On March 23, Adriano Augusto defended his PhD thesis „Accurate and efficient discovery of process models from event logs„ in which he provided an overview of the available algorithms to perform automated process discovery. They identified deficiencies in existing algorithms, and proposed a new algorithm, called Split Miner, which is faster and consistently discovers more accurate process models than existing algorithms. It was the first PhD in the University of Tartu, which was defended online!

Adriano Augusto

Every day, companies’ employees perform activities to provide services (or products) to their customers. A sequence of such activities is known as a business process. In other words, a business process is what a company does to provide a service or a product to a customer. The quality and the efficiency of a business process directly influence the customer experience. In a competitive business environment, achieving a great customer experience is fundamental to be a successful company. For this reason, companies are interested in identifying their business processes to analyse and improve them.

To analyse and improve a business process, it is necessary to document it. Business process documentation can have different forms, for example, textual (e.g. natural language process description) or graphical description. This thesis focuses on graphical representations of business processes, known as business process models. Drawing such process models manually can be time-consuming because of the time it takes to collect detailed information about the execution of the process. Indeed, traditional process discovery and modelling methods include: interviews of the process participants (i.e. the employees executing the business process), or direct observation of the process execution. On top of that, manually drawn process models are often incomplete because it is difficult to uncover every possible execution path in the process via manual information collection.

In recent years, following the design and development of advanced information systems and software technologies, a new method for discovering and modelling business processes came into play:  Automated Process Discovery.  Automated process discovery applications allow business analysts to exploit process’ execution data recorded by enterprise information systems to automatically discover process models. Discovering high-quality process models is extremely important to reduce the time spent enhancing them and to avoid mistakes during process analysis. The quality of an automatically discovered process model usually depends on both the input data and the automated process discovery application that is used.

In this thesis, first, we explore the currently available automated process discovery applications, to identify what are their strengths and limitations. Precisely, we provide an overview of the previous research studies that proposed applications to perform automated process discovery, we compare these applications by running our designed benchmark, and we provide an in-depth analysis of the benchmark results that highlight the strengths and limitations of the existing automated process discovery applications.

The first ever online PhD defence at the University of Tartu using Zoom

Following the results of our benchmark, the thesis describes new algorithms that can overcome the limitations identified in existing automated process discovery applications. We combine our new algorithms into an automated process discovery application called Split Miner, and we show that it is faster than existing applications and consistently more accurate.

Furthermore, we propose a new method to measure the accuracy of automatically discovered process models in a fine-grained manner, yet approximate.

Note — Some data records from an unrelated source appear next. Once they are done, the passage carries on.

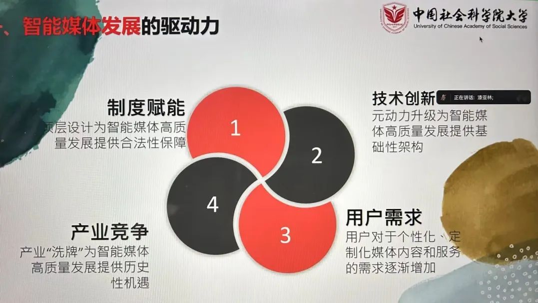 中国及全世界的智能媒体正高速发展,漆亚林教授表示制度是其首要驱动力。近年来国家从顶层设计、舆论引导等方面对智能媒体提供支持,为它的的高质量发展提供了合法性保障。漆亚林教授从制度赋能、技术创新、用户需求、产业竞争四个方面就智能媒体发展的驱动力展开论述。
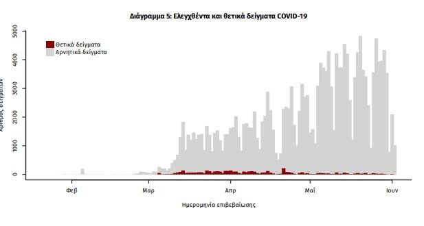 Δείγματα που έχουν ελεγχθεί στα συνεργαζόμενα με τον ΕΟΔΥ εργαστήρια: Από την 1η Ιανουαρίου 2020 μέχρι σήμερα, στα εργαστήρια που διενεργούν ελέγχους για τον νέο κορωνοϊό (SARS-CoV-2) και που δηλώνουν συστηματικά στον ΕΟΔΥ το σύνολο των δειγμάτων που ελέγχουν (θετικά και αρνητικά), έχουν συνολικά ελεγχθεί 185.590 κλινικά δείγματα, εκ των οποίων τα 4825 (2.6%) ήταν θετικά στον κορωνοϊό (συμπεριλαμβάνονται και περισσότερα από ένα δείγματα ανά άτομο που ελέγχθηκε).
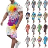 Conjunto de camiseta de manga corta con estampado de grafiti 3D para hombre, chándal de moda, transpirable, 2 piezas, cuello redondo, Verano
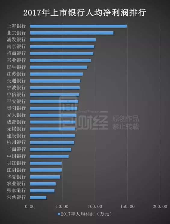 上市銀行的人均績效水平差異在擴大,總部位于經濟發達地區的城商行和股份制銀行人均創利能力更強。上海銀行2017年人均凈利潤148.83萬元,較2016年的137.15萬元,增長了8.52%,蟬聯上市銀行人均創利榜首位。下表為面包財經根據財報數據測算的A股上市銀行人均利潤榜單:
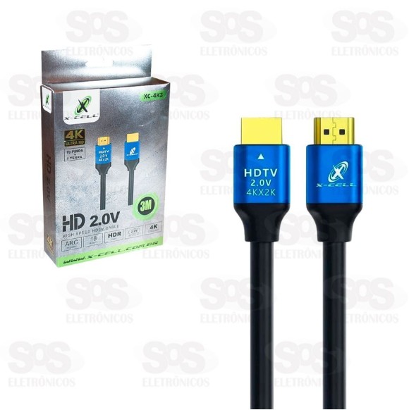 Cabo HDMI 4K ultra HD ideal para monitores, TVs, notebooks, consoles e outros aparelhos com entrada HDMI. Máxima fidelidade e performance livre de interferências. Suporta resolução de 4K ultra HD. Conectores em cobre blindado e revestimento em PVC flexível. Velocidade de até 18Gbps. Tamanho: 3 metros
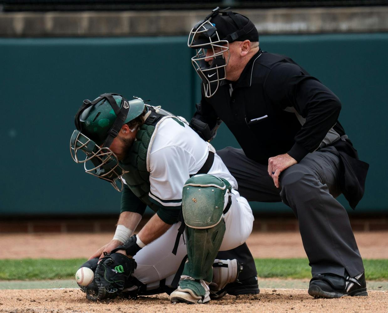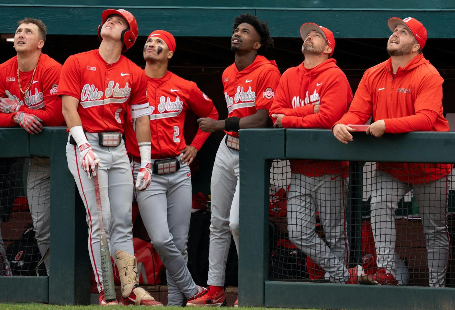 Michigan State edged Ohio State 10–9 in 11 innings to open the weekend series at McLane Stadium. Senior outfielder JT Sokolove (2) sealed the win with a walk-off home run.
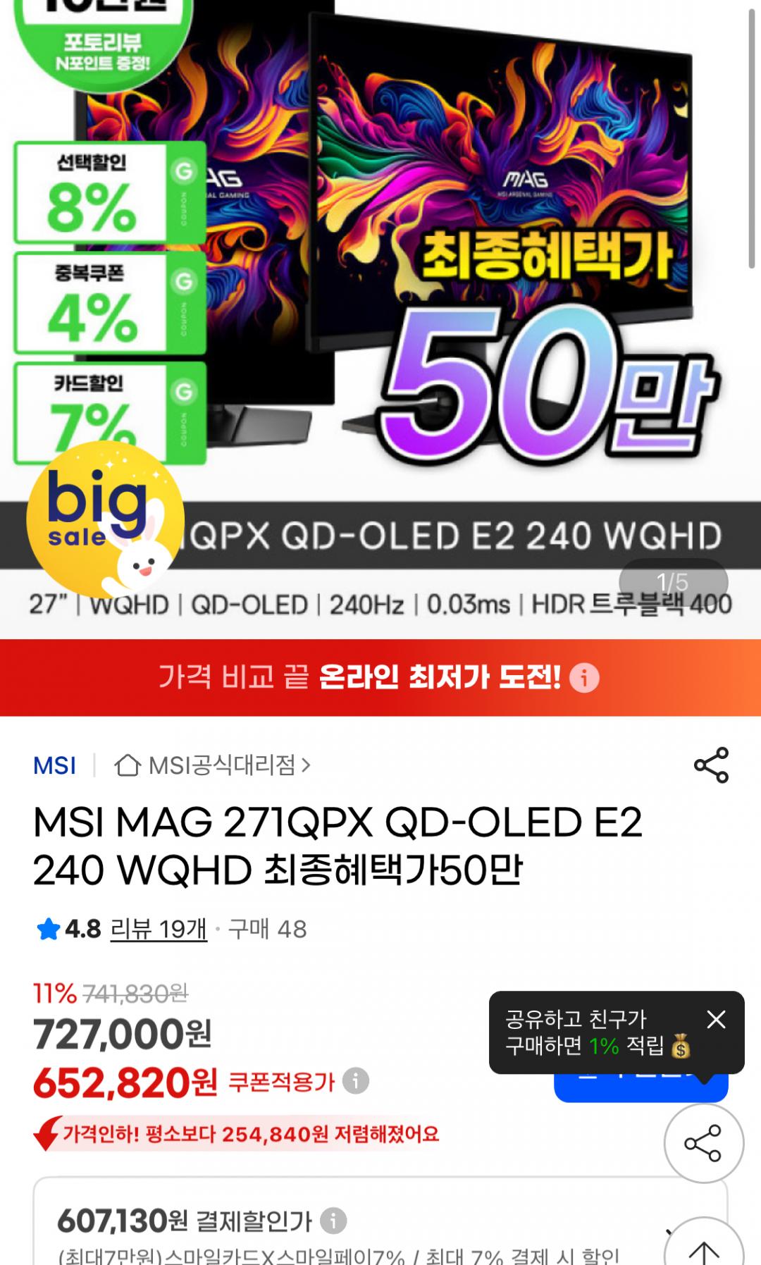 27인치 QD-OLED 끝판왕급 모니터가 60 초반입니다
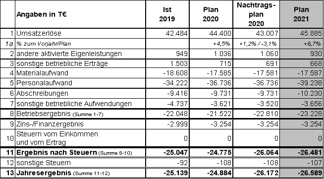 Der Wirtschaftsplan 2021 der BSVG weist einen Fehlbetrag in Höhe von 26.589 T€ aus. Der Verlust wird aufgrund des bestehenden Beherrschungs- und Gewinnabführungsvertrages von der SBBG ausgeglichen. In der Planung wurde eine Beendigung der Corona-Pandemie in 2021 unterstellt.
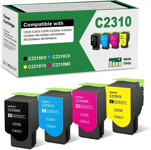 What's in the box: 4 Pack C2310 C2310K0 C2310C0 C2310Y0 C2310M0 Toner Cartridges
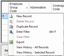 7. Right-click the grey grid below the Employee Group Code column and Select New Record
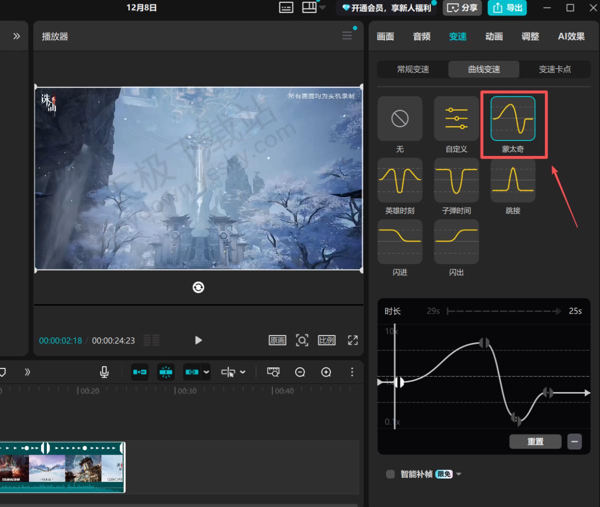 ●在【曲线变速】处,还有多种变速模板,它们都拥有各自固定的变速方案,选中后可在视频轨道处进行调整。
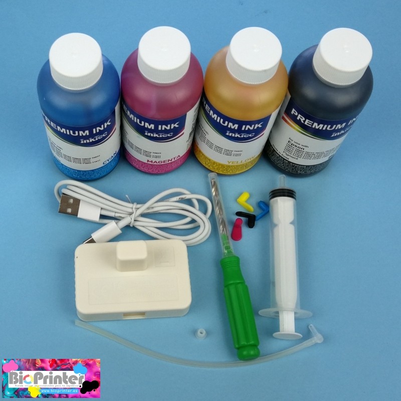 Conjunto de accesorios necesarios para la recarga de los cartuchos Epson 604, 604XL, 503, 503XL incluye reseteador del chip y 400ml de tinta.
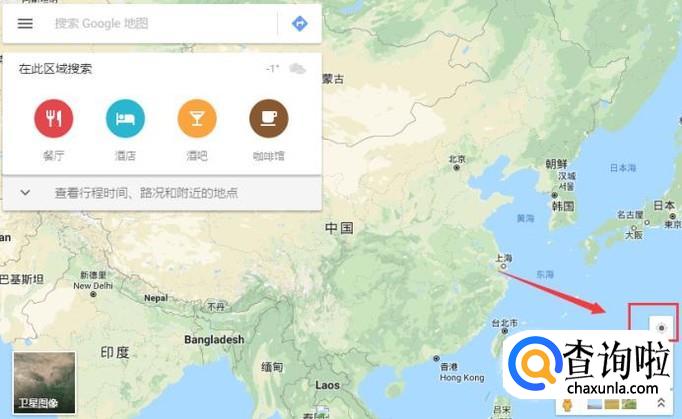 来到谷歌地图主页面,我们再点击右下方的圆点,定位自己的位置,即可看到自己所在的位置
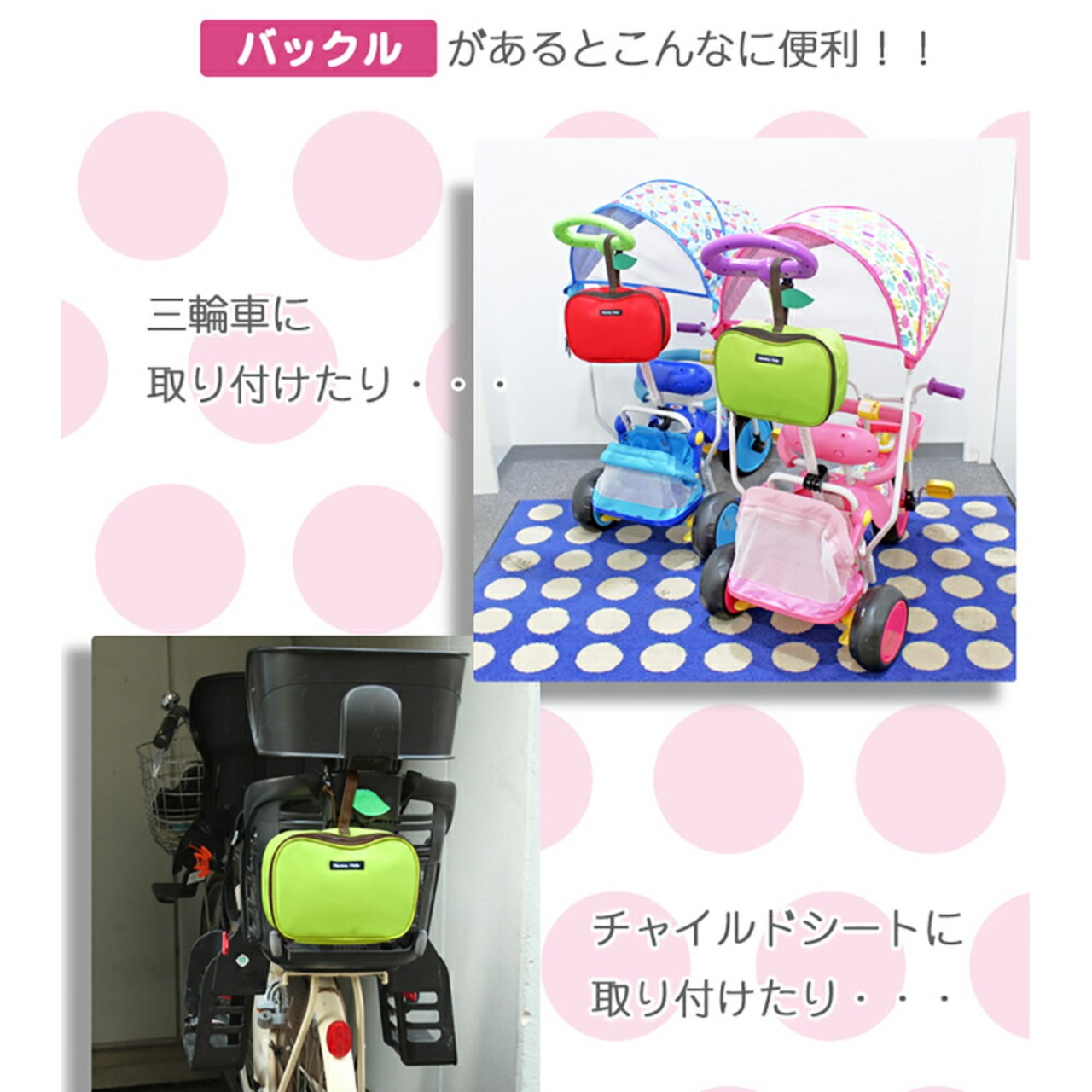 ・おしりふきやミニタオルも入る便利なポケット付き。バックル付きでベビーカーなどに引っ掛けられます。

Such an approximation is required to improve the speed during the analysis of the accuracy of automatically discovered process models. We show that our accuracy measures provide results that are in-line with those outputted by existing accuracy measures while outperforming the latter in terms of time required to calculate the accuracy.

Finally, we leverage our new accuracy measures to design an optimization method that can improve the quality of a specific subset of automated process discovery applications, which also include our Split Miner. We show that by applying our optimization method, the automated process discovery applications can discover process models having an accuracy higher than those discovered without our optimization method, at the cost of a small increment of the execution time.